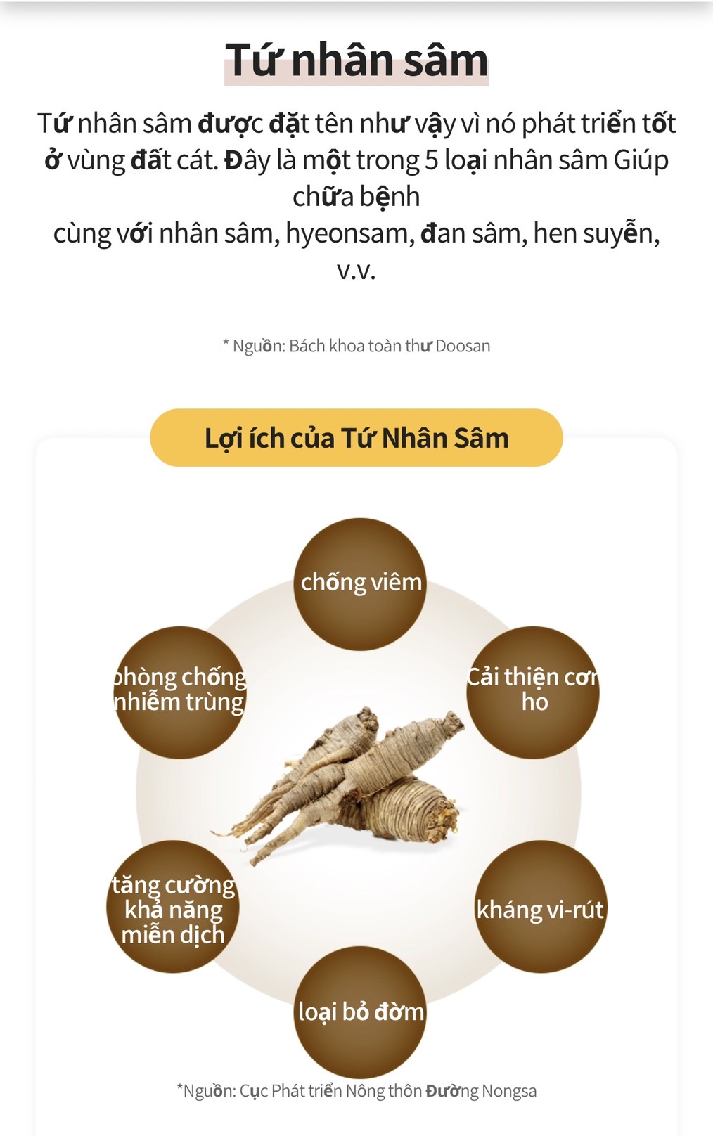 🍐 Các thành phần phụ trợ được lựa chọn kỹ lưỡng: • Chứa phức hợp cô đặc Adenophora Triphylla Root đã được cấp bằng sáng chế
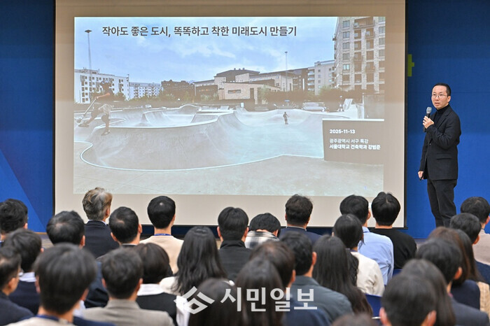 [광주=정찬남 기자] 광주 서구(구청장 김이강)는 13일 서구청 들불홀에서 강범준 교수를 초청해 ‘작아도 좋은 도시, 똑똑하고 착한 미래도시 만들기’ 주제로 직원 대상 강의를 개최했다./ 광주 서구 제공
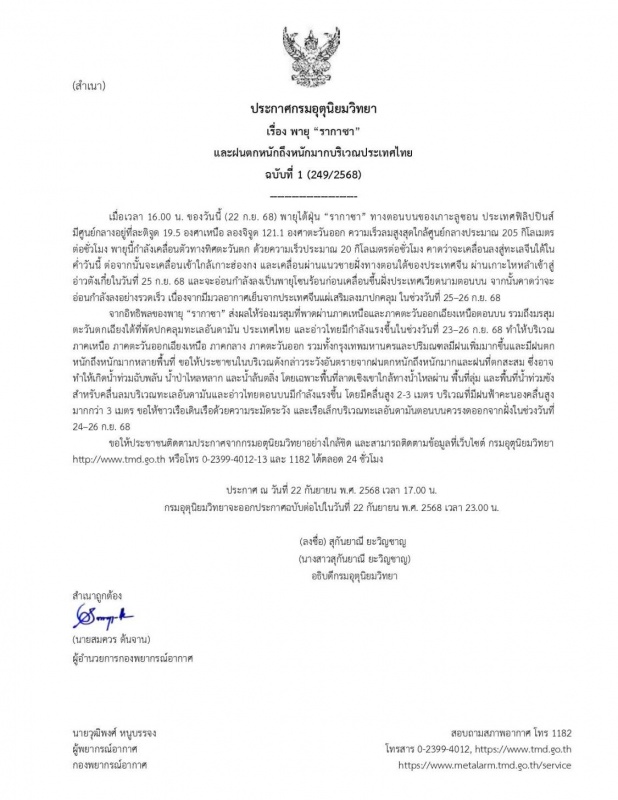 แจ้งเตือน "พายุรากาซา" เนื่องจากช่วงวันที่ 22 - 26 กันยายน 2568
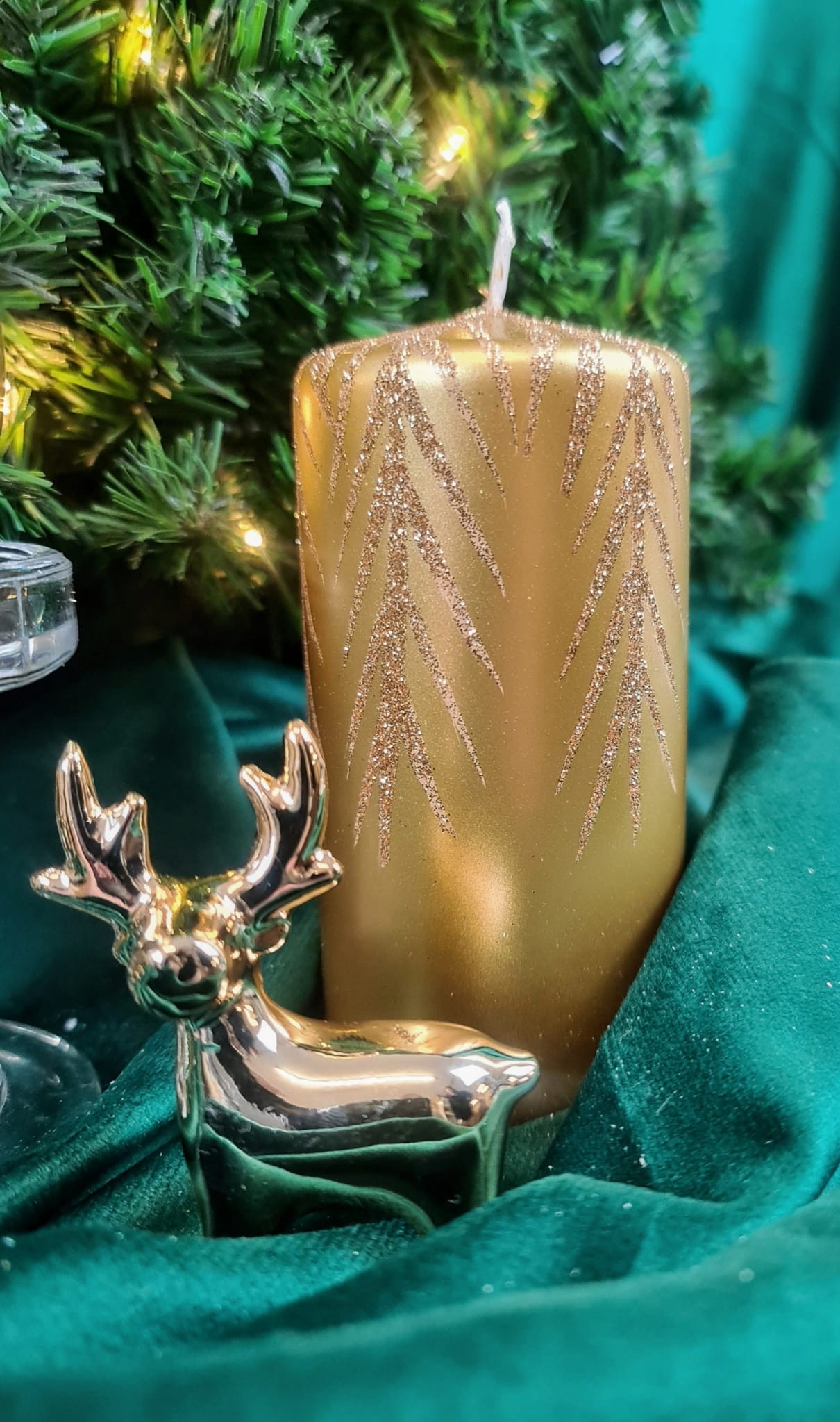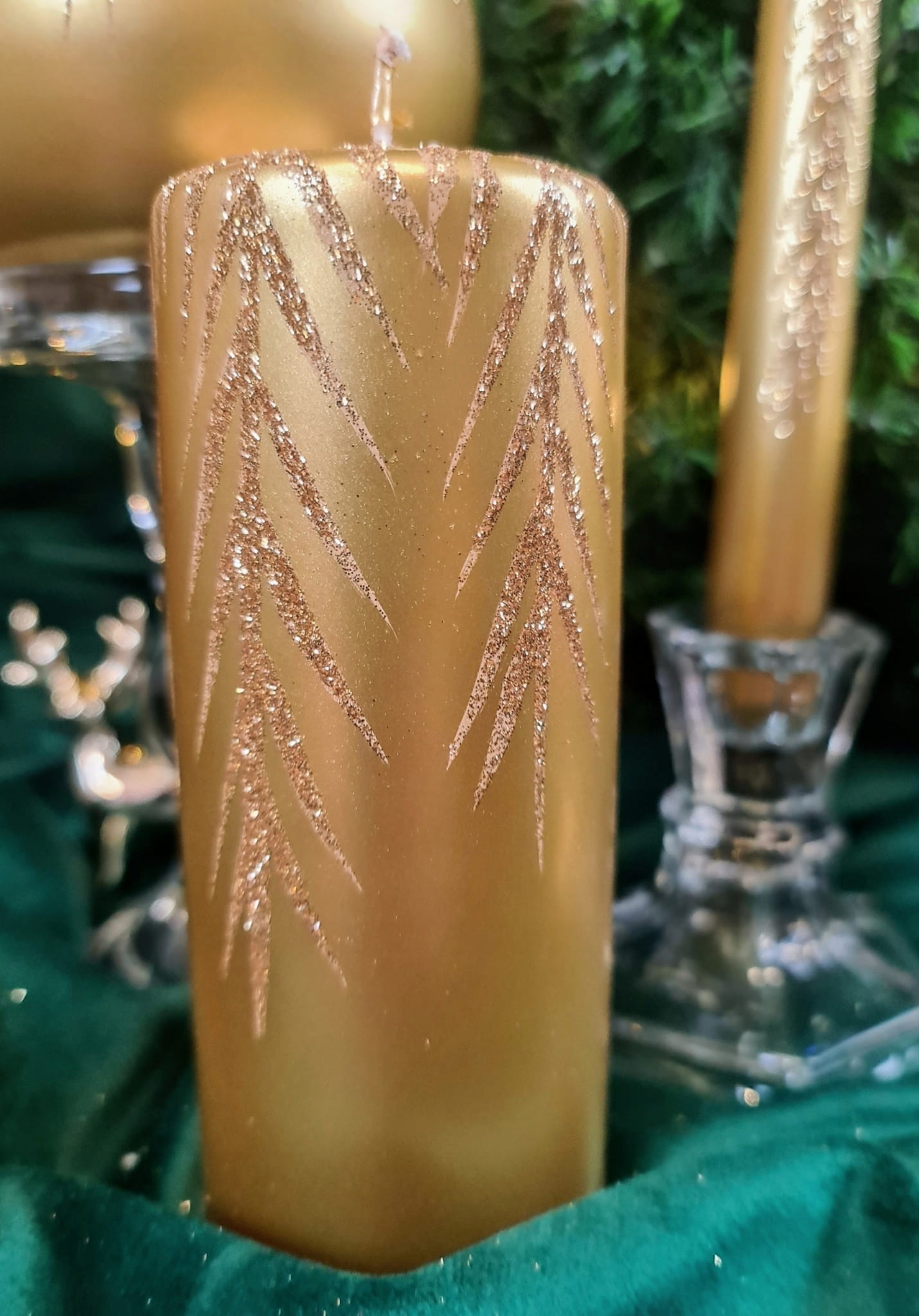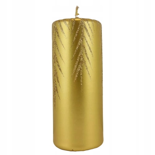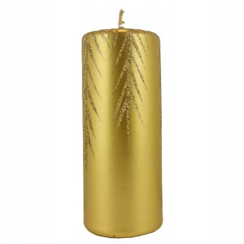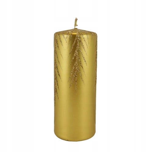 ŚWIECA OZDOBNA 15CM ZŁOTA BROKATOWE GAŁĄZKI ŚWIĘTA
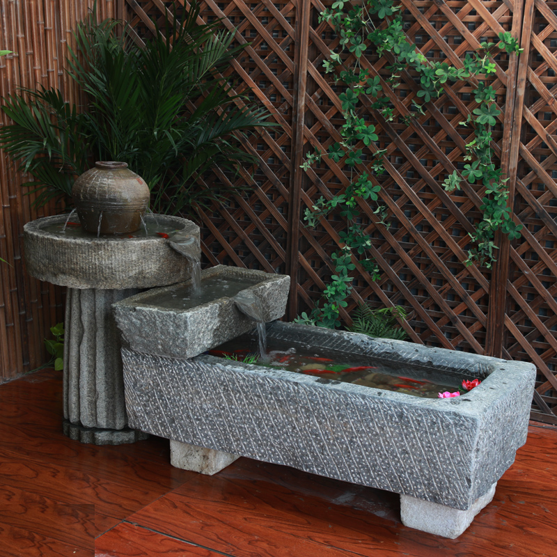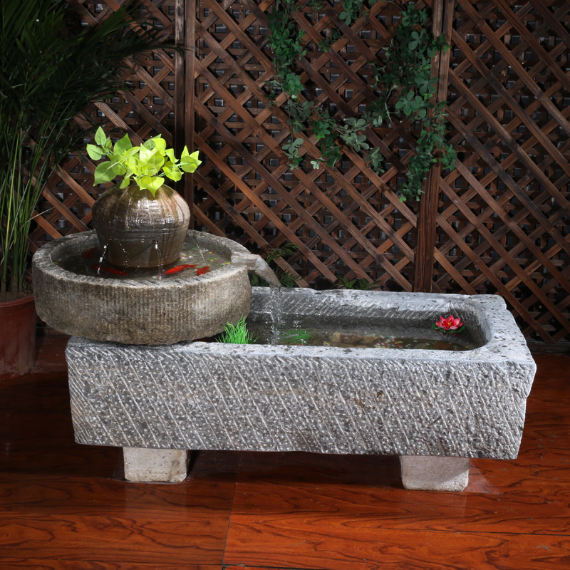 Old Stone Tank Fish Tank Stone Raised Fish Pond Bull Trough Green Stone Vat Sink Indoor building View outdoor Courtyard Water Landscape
◆ ◆ ◆ ◆ ◆
- What is being asked
Pictures stay out of the copy; please restate every record above exactly.

- Output for this exercise
 🍐 Các thành phần phụ trợ được lựa chọn kỹ lưỡng: • Chứa phức hợp cô đặc Adenophora Triphylla Root đã được cấp bằng sáng chế
 [광주=정찬남 기자] 광주 서구(구청장 김이강)는 13일 서구청 들불홀에서 강범준 교수를 초청해 ‘작아도 좋은 도시, 똑똑하고 착한 미래도시 만들기’ 주제로 직원 대상 강의를 개최했다./ 광주 서구 제공
 แจ้งเตือน "พายุรากาซา" เนื่องจากช่วงวันที่ 22 - 26 กันยายน 2568
 ŚWIECA OZDOBNA 15CM ZŁOTA BROKATOWE GAŁĄZKI ŚWIĘTA
 Old Stone Tank Fish Tank Stone Raised Fish Pond Bull Trough Green Stone Vat Sink Indoor building View outdoor Courtyard Water Landscape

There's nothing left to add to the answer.